– Боже мой! Кого я вижу! – воскликнула она. – Как вы сюда попали?
– Я-то попал самым естественным образом, а вот вы, Тамара Панкратьевна, пропали совсем с нашего горизонта, как дым от лица огня.
– Ах, это целая история! – сказала она, садясь на извозчика и, уже отъехав сажени три, обернулась и закричала: – я, ведь, здесь со Штолем… помните Федю Фанфарона?
Еще бы мне его не помнить! Хотя, конечно, постоянно в уме я его не держал, но и не выпускал из памяти. Случаю было угодно поселить моих знакомых не только в одной со мною гостинице, но даже и в том же коридоре. Гостиница эта, имевшая прежде репутацию одной из первых в Москве, теперь была сплошь населена авантюристами, аферистами и всякого рода прожектерами, а верхний этаж был отведен под приезжих нестрогих дам высшей марки, что, конечно, если имеет удобства, то слишком специальные. Я уже и сам был не рад, что остановился в этом учреждении, видя, как изменилось она за 6 лет моего отсутствия, но соседство Тамары Панкратьевны, а особенно Штоля, обещало дать мне такую интересную пищу для наблюдений и соображений, что с лихвою покрывало разные другие неудобства.

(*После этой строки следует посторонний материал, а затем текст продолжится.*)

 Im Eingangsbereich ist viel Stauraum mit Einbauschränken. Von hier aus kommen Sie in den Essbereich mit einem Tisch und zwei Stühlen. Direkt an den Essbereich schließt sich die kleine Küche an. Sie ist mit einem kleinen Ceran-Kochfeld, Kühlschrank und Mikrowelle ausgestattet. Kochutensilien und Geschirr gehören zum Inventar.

Штоля я нашел в читальне, где он ожидал Тамару Панкратьевну, чтобы спуститься вниз к обеду. Был он еще в офицерской форме, но по опухшему, растерянному лицу было видно, что рассказы Тамары Панкратьевна были уже не так преувеличены. Он стоял, низко наклонившись над столом, на котором был развернут широкий газетный лист. Не знаю почему, но его поза и особенно светлые волосы, ровно подбритые по американской моде у затылка, пробудили во мне нежную жалость, и подпоручик Штоль показался мне совсем маленьким, заброшенным ребенком, которого может обидеть всякий. Я его не особенно расспрашивал потому, что на первые мои вопросы отвечал он уклончиво и все сводил разговор на пустяки, а, в конце концов, раскричался на читального мальчика и управляющего, зачем из зала унесли иллюстрированный номер английского журнала. Номер этот оказался у него же в комнате; тогда Федор Николаевич стал рассуждать на ту тему, что как, мол, нехорошо и нетактично со стороны администрации гостиницы не позволять уносить газеты каждому жильцу.

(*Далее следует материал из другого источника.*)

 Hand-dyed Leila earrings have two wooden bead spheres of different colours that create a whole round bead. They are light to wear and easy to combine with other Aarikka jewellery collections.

«Ну, думаю, милый друг, не очень-то ты изменился», и пошел, было, обедать, но Штоль стал меня уговаривать, чтобы я пообедал с ними и подождал Тамару Панкратьевну.
Я согласился, но потом несколько пожалел, потому что, очевидно, между ними были какие-то нелады: дама была нервна и, казалось, не то только что плакала, не то собиралась заплакать, а Федя Штоль грубил, придирался к лакеям и всячески фанфаронил. В конце концов, подписал счет, уверяя, что завтра получит от тамбовского управляюшего деньги. Пропустив вперед Тамару, я взял тихонько Штоля за локоть и спросил:
– У вас вышли все деньги, Федор Николаевич, что вы счета подписываете?
– Да, представьте, какой случай! Но мне завтра непременно пришлют из Тамбова.
– Ну, вот, и прекрасно… А то я хотел вам предложить занять у меня немного.
– Я был бы вам очень признателен.
– Да уже не стоит, раз вам завтра пришлют.
– Это, конечно, но если случится какая-либо задержка… У нас почта, вы сами знаете какая ужасная, то уже позвольте обратиться к вам.
– К вашим услугам, – сказал я и откланялся.
Так как я приехал в Москву по делам и уже, конечно, не для того, чтобы наблюдать за судьбой Штоля, то, разумеется, и распределял свое время как мне было удобнее, и в гостинице бывал очень редко. Впрочем, кажется, и мои петербургские знакомцы не были домоседами, они всегда отсутствовали. Почти каждую ночь я слышал, как по коридору часа в 4, а то и в 5 возвращались Федя и Тамара.
Однажды, когда я спускался с лестницы, мне встретилась Тамара Панкратьевна, которая почему-то шла пешком, не пользуясь лифтом.
– Вот вы как долго загостились в Москве, – говорю я ей.
– Да, – отвечает, – долго.
Госпожа Сырцова за эти несколько дней заметно изменилась: движения ее, всегда бывшие живыми, стали как-то чрезмерно беспокойны. Глаза приобрели пущий блеск и даже маленький носик как бы заострился.
– Что же вы здесь делаете?
– Я? Ничего. Живу, как видите.
Разговор оборвался. Тем не менее, мы продолжали стоять. Наконец, уже просто так, чтобы что-нибудь сказать своей неразговорчивой собеседнице, я спросил:
– Что же, Федор Николаевич получил, очевидно, свои деньги из Тамбова?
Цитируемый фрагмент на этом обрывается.